転生少女が落ちたのは、意地悪王子の腕の中~不器用な溺愛は何よりも甘いのです~
「私、フォン殿下との婚約を破棄してきましたの」

何気なく落とされた爆弾に、私は思わず口をあんぐりと開けた。

「……ええ!?どうして、あんなに……」

「私、今までずっと、欲張りすぎて雁字搦めになっていましたのよ。腹立たしいけれど、正直……貴女を見て羨ましいと思ってしまったんですもの」

アマルダはそう言いながら酷く不本意そうに長い髪を後ろに払う。

「それに年下の小娘に言い負かされっぱなしだなんて、レディとして情けないものね」

聞き逃せない単語に私は待ったをかけた。

「待って、アマルダって……何歳?」

「グイードより上とだけ言っておきますわ」

「……ずっと、16とか17かと思ってた……」

「皆そう言うのよ、いい加減聞き飽きましたわね」

そう言ってふんと小さな鼻を鳴らす仕草は、実年齢がわかっていてもとても20歳を越えているようには見えない。

と、その時扉が開く音がした。舞花とアマルダ、2人がそちらを向くと部屋の主は明らかにぎょっとした顔になる。

2人の顔を見比べ、暫しして得心がいったように頷くと神妙な口調で言った。

「頼むから何も壊してくれるなよ」

「違いますよ!別に喧嘩しませんから!」

「……そうなのか」

声色が少し残念そうなのはなぜか是非教えてもらいたい。

「彼女の言う通りですわ、殿下。私、今日はお話に来ただけですの」

「お前たち、何かあったんじゃなかったのか?」

「……雨降って地固まる、的な……?」

首を捻るグイードに私も戸惑い声を返した。その要因であるアマルダはどこ吹く風と聞き流して、グイードに視線を向ける。

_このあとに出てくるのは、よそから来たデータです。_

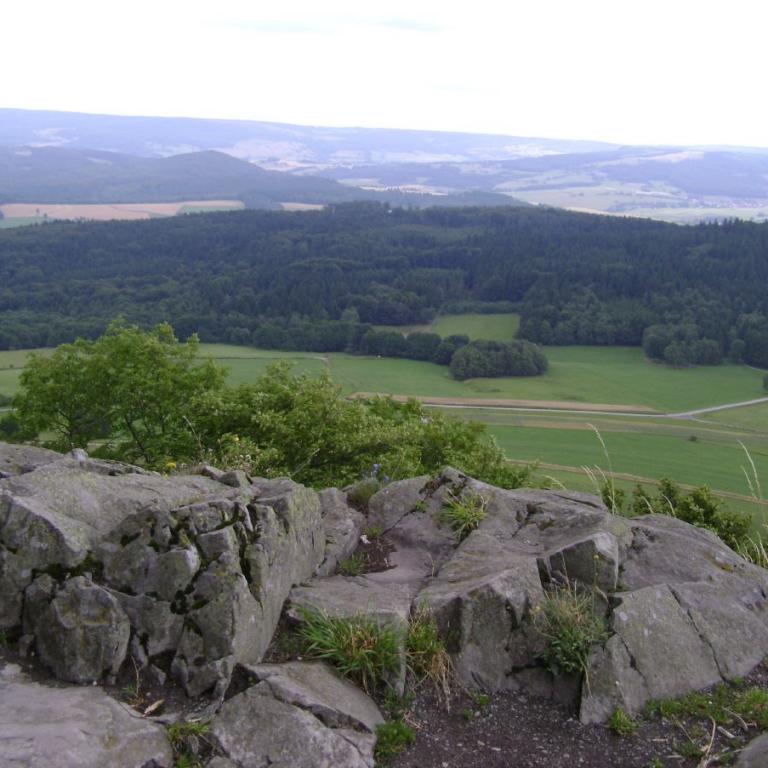 Auf den Weg durch die Hessiche Rhön wurde der Berg Milsenburg bestiegen mit seiner alten keltischen Wallbefestigung, von wo man einen weiten unverstellten Blick in alle Himmelsrichtungen genießen kann.

「フォン殿下は相変わらずお城に帰られていないのですか?」

「ああ、最後に帰ってきたのはいつだったか思い出せないくらいだな……というか、お前の方が知っているんじゃないのか?」

困惑声で訊ね返す王子に、彼女はにっこりと満面の笑みを浮かべた。

「私はもうあの人とは何も関わりがなくなりましたの。私は仮にも婚約相手でしたのに、結局数度お会いしたことしか無いのですよ?……あんな男、その辺の下町で荒くれ者にでも絡まれて野垂れ死ねばいいのですわ」

薄々思っていたけれど、このご令嬢は実はかなり気が強くて口が悪いんじゃないだろうか。グイードが目をぱちくりとさせて言葉を失っている。

「さて、そろそろ帰りますわね」

アマルダはそう言って扉へ向かっていく。

そこで一度くるりと振り返り、グイードに微笑みかけた。